AWIF and RRR has two main advantages. First, AWIF and RRR has similar formulas to that of JIF. The similarity would make administrators understand two metrics more easily. Moreover, these metrics preserve some desirable properties of JIF because of the similarity.

Second, AWIF and RRR are not subject-based metrics. We do not use any subject categorization when we compute these metrics. We believe that a metric that is not subject-based has some advantages in practice. Social scientists would not be treated as if they are handicapped because social science journals are not put in a separate category. Scientist have less objections for the metrics because science journals compete with social science journals on equal footing.

AWIF and RRR are better than JIF in terms of equality between social science and science journals. However, it may be the case that they are worse proxies for quality. It may be the case that better researchers have a better knowledge about the related literature and add more publications in their reference list. Ahlgren et al. (2018) suggest that articles with higher number of cited-references may have higher quality because they receive citations even after articles are controlled for their subject categories. However, this is not the ultimate proof that articles with more cited-references is of a higher quality. For instance, review articles which have many cited-references attract more citations. That does not mean that review articles are better than other articles.

The same argument can be extended to the number of authors. The articles with more authors may be of better quality. There is a clear advantage in collaboration. Articles that have many authors utilize the expertise of many researchers. However, there is no clear empirical evidence that larger teams of authors write better articles than smaller teams.

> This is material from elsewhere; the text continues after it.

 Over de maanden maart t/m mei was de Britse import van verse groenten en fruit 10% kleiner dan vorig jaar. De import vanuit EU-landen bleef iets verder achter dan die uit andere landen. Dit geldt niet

More research should be done to understand the relationship between the quality of an article and number of cited-references and authors of the article. If more cited-references and authors are shown to produce better quality journals, then the credibility of AWIF and RRR as a journal quality metric would be hurt. Otherwise, administrators may find AWIF and RRR as useful metrics because these metrics treat scientists and social scientists fairly.